Granite Real Estate Investment Trust and Granite REIT Inc. Announce Proposal to Unwind Stapled Unit Structure
- None.
- None.
Insights
The announcement by Granite Real Estate Investment Trust regarding the unwinding of their Stapled Unit structure is a strategic move aimed at streamlining the capital framework, potentially enhancing trading liquidity and broadening the investor base. Simplifying the capital structure typically facilitates deeper understanding and valuation by investors, which can lead to a re-rating of the stock. Particularly in this case, where capital losses have been a consideration in the past, the move suggests an aim for a more straightforward tax and financial reporting process.
A meticulous analysis of the implications of this reorganization on Granite's financial position should include an evaluation of transaction costs, tax implications and the potential impact on stock liquidity. Moreover, it's imperative to observe the market's reception to the proposed changes, which would be reflected in the unit price both prior to and after the reorganization. Investors should be attentive to the terms of the exchange and the consolidation ratio to maintain clarity on their holdings' value.

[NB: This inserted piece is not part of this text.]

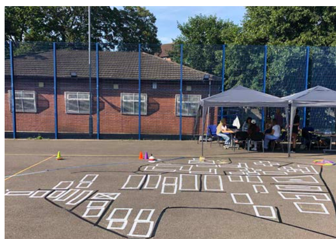
Fig 2: Taped out estate on the MUGA, 30th July 2024

The stipulation that the reorganization is subject to a two-thirds affirmative vote by holders of both Granite REIT units and Granite GP common shares, as well as the requirement of court approval and customary conditions, including TSX and NYSE approvals, indicates a rigorous legal process. The outcome of this reorganization carries legal weight and showcases corporate governance in action. It is vital for the unitholders to understand the legal intricacies, especially considering that court-approved arrangements can lead to significant alterations in shareholder rights and company structure.
The role of the Supreme Court of British Columbia in granting a final order also underscores the importance of the judiciary in validating such corporate restructurings. Investors should keep an eye on the legal documentation, including the forthcoming Circular, to ascertain the full details of the legal nuances and conditions tied to the reorganization.

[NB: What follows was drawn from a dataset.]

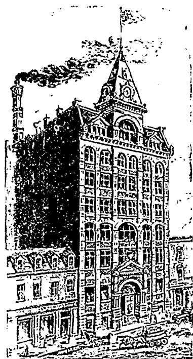
Our New Warehouse & Factory, Montreal (60,000 Square Feet of Floor Room)

From a market perspective, the proposed unwinding action by Granite could realign investor perception and foster parity with other entities within the Canadian real estate investment trust landscape. Historically, complex capital structures like Stapled Units can deter certain investors due to perceived complications in understanding the product. By transitioning to a conventional REIT trust unit structure, Granite may attract a wider array of investors, including funds that have mandates restricting investments in unconventional securities.
The strategic move could potentially enhance Granite's comparability with peers, which may affect its valuation multiples. Investors should monitor competitor reactions and any subsequent market trends, as these could provide a comprehensive view of how the sector might evolve in response to Granite's structural shift.

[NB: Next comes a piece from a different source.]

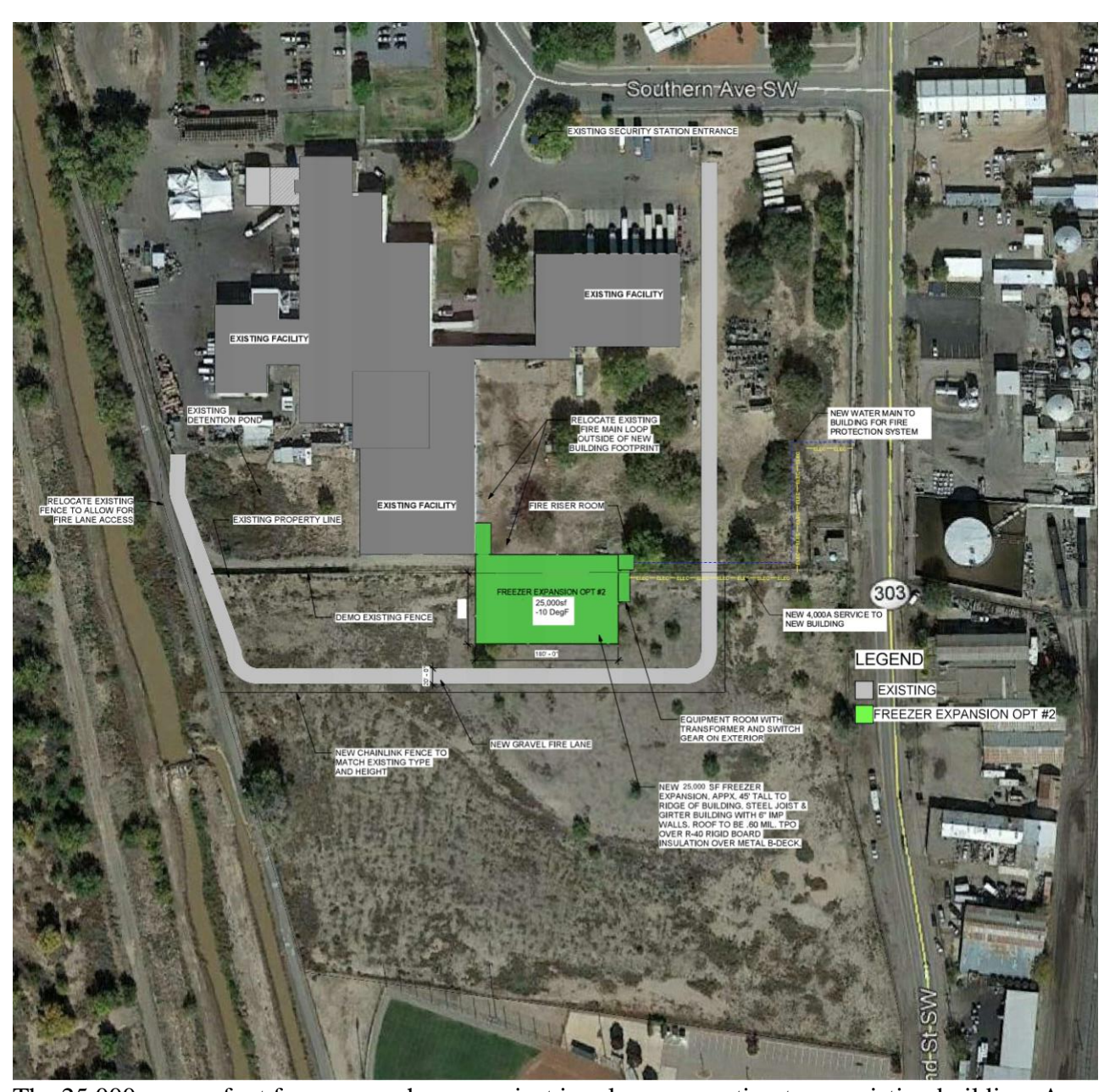
The 25,000-square foot freezer warehouse project involves connection to an existing building. A map of the area is above. Infrastructure, parking, and utilities are already developed. As mentioned, no extension or relocation of utility or road systems is anticipated. There are adequate utilities and roads to the facility.

The Stapled Unit structure was established in 2013 to accord greater flexibility as to the use for Canadian tax purposes of capital losses. Since this time, a significant portion of those losses have now been utilized. As a result of the Reorganization, Granite REIT expects it will be more comparable to other Canadian real estate investment trusts due to its simplified structure, and that certain investors may therefore be more able or willing to invest in Granite REIT units rather than Stapled Units.
Currently, Granite unitholders hold Stapled Units, each of which consists of one Granite REIT unit and one common share of Granite GP. In the Reorganization (i) the two components of each Stapled Unit will be uncoupled, (ii) the common shares of Granite GP currently held by Granite unitholders will be automatically exchanged for fractional Granite REIT units and (iii) the Granite REIT units will be consolidated back to the number of Stapled Units outstanding before the exchange occurred.
As a result of the Reorganization, each Granite unitholder will hold a number of Granite REIT units equal to the number of Stapled Units they hold currently, and Granite GP will become a wholly-owned subsidiary of Granite REIT. The Granite REIT units will trade on the Toronto Stock Exchange (the “TSX”) and on the New York Stock Exchange (the “NYSE”) under the current ticker symbols for the Stapled Units (being “GRT.UN” and “GRP.U”, respectively).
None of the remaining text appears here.